Normally, CloudWatch Alarm Actions are edge-triggered (that is, an Action occurs only when the alarm transitions from OK to ALARM or vice-versa). However, if the Alarm Action is an AutoScaling policy the Alarm keeps on triggering the AutoScaling policy periodically, so that if the alarm goes further out of spec, higher scaling tiers can be activated. (For example, the CPU usage goes to 75% and an instance is added. However, that doesn't make the load go down enough yet, and after an (undefined) while the policy is activated again and another instance is added).

The question is, how to set up step scaling policies to achieve the scaling that the user wants?

Solution 1: Two alarms, two policies

This is what I see most on the internet--a separate alarm and a separate scaling policy for scaling out and scaling in. Seems inefficient, resource-wise.

Also, AutoScaling policies seem to imply they can both scale in and scale out in a single policy, but you'd never take advantage of that in this way.

               -3       -1                                     +1       +3        
           │        │        │                            │         │         │   
  Metric   ├────────┼────────┼────────────────────────────┼─────────┼─────────┤   
           │        │        │                            │         │         │   
                                                                                  
           0%      10%      30%                          70%        90%      100% 
                                                                                  
                                                          ║                       
   Alarm1                                     > 70%       ║                       
                                                          ║                       
                                                               +1        +3       
                                                          │         │             
  Policy1                                                 ├─────────┼─────────▶   
                                                          │         │             
                                                                                  
                                                          0        +20            
                                                                                  
                             ║                                                    
   Alarm2           < 30%    ║                                                    
                             ║                                                    
               -3       -1                                                        
                    │        │                                                    
  Policy2 ◀─────────┼────────┤                                                    
                    │        │                                                    
                                                                                  
                  -60       -40

Solution 2: One alarm, one policy

Ideally, it seems like I would want just a single alarm/metric/scalingpolicy configuration.

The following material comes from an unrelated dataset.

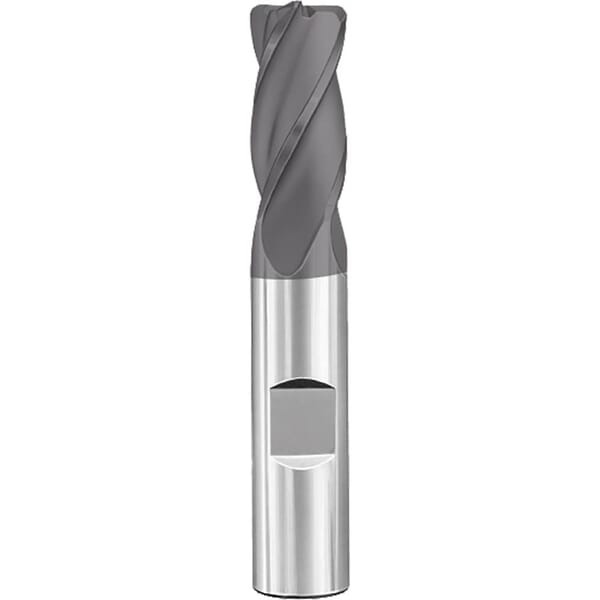 SGS End Mill, Center Cutting Positive Rake Regular Length Single, Series: 1CR, 3/4 in Cutter Dia, 1/8 in Corner Radius, 4 in Overall Length, 1-1/2 in Length of Cut, 4 Flutes, Right Spiral Flute, 3/4 in Shank Dia, Right Hand Cutting, 30 deg Helix Angle, Weldon Flat Shank, 2-1/2 in Shank Length, Solid Carbide, AlTiN Coated

But I don't know if this would even work, it would require that the scaling policy is activated on both sides of the CloudWatch alarm, and it might not do that.

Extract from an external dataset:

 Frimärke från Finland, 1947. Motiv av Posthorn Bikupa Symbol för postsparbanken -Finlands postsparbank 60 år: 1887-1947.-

               -3       -1                                     +1       +3        
           │        │        │                            │         │         │   
  Metric   ├────────┼────────┼────────────────────────────┼─────────┼─────────┤   
           │        │        │                            │         │         │   
                                                                                  
           0%      10%      30%                          70%        90%      100% 
                                                                                  
                                                          ║                       
   Alarm                                  Alarm at 70%    ║                       
                                                          ║                       
                                                                                  
               -3       -1                0                    +1        +3       
                    │        │                            │         │             
  Policy  ◀─────────┼────────┼────────────────────────────┼─────────┼─────────▶   
                    │        │                            │         │             
                                                                                  
                  -60       -40                           0        +20

Solution 3: Two alarms, one policy

Another potential way to go would be to have two alarms trigger the same scaling policy (one lower-than-threshold and one greater-than-threshold) and just describe the scaling behavior with respect to the alarm thresholds on either side.

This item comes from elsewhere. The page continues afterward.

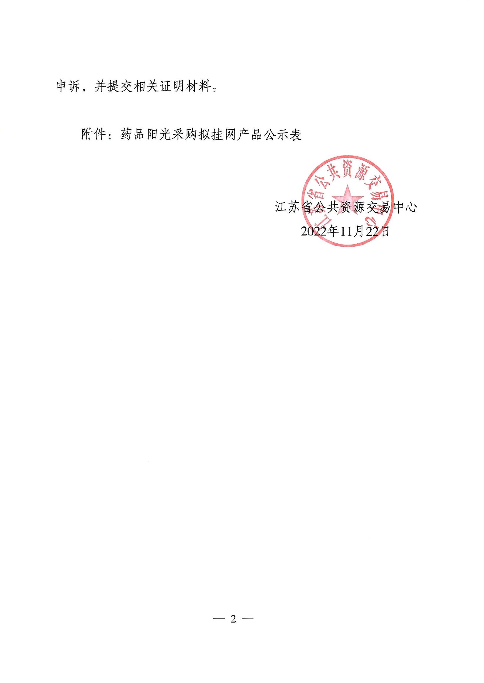 如有异议,企业须在公示期内通过江苏省公共资源交易平台(药品分类采购-其他-阳光挂网采购申诉(202211-4))进行申诉,并提交相关证明材料。

We can save on a ScalingPolicy in this way (with respect to solution 1). It's not as obvious what's going on though, and would rely on the fact that 2 different alarms give the deltas to 2 different thresholds to the same scaling policy ONLY when they're in alarm.

               -3       -1                                     +1       +3        
           │        │        │                            │         │         │   
  Metric   ├────────┼────────┼────────────────────────────┼─────────┼─────────┤   
           │        │        │                            │         │         │   
                                                                                  
           0%      10%      30%                          70%        90%      100% 
                                                                                  
                                                          ║                       
   Alarm1                                     > 70%       ║                       
                                                          ║                       
                             ║                                                    
   Alarm2           < 30%    ║                            ─                       
                             ║                         ┌ ┘                        
                             ─                        ─                           
                              └ ┐                  ┌ ┘                            
                                 ─                ─                               
                                  └ ┐          ┌ ┘                                
                                     ─        ─                                   
                                      └ ┐  ┌ ┘                                    
                                         ─┌                                       
                         -3        -1     ▼     +1           +3                   
                              │           │           │                           
  Policy  ◀───────────────────┼───────────┼───────────┼───────────────────────▶   
                              │           │           │                           
                                                                                  
                            -20           0          +20

Questions

~~Can an AutoScaling Policy be in the OKActions of a CloudWatch Alarm? Does that work?~~ => yes
~~If it does work, will it also continue evaluating and triggering the Scaling Policy periodically if it's on the OKActions, just like it does in AlarmActions?~~ => yes
Can a single AutoScaling policy even be the target of two CloudWatch alarms? If so, will it respect both threshold deltas as I'm expecting it to in scenario 3?
Is there a difference between Application AutoScaling and EC2 Instance AutoScaling?
Can I have multiple StepScalingPolicies on the same target that both scale the target at the same time? Are they going to fight? What if one has a ChangeInCapacity = 0 ?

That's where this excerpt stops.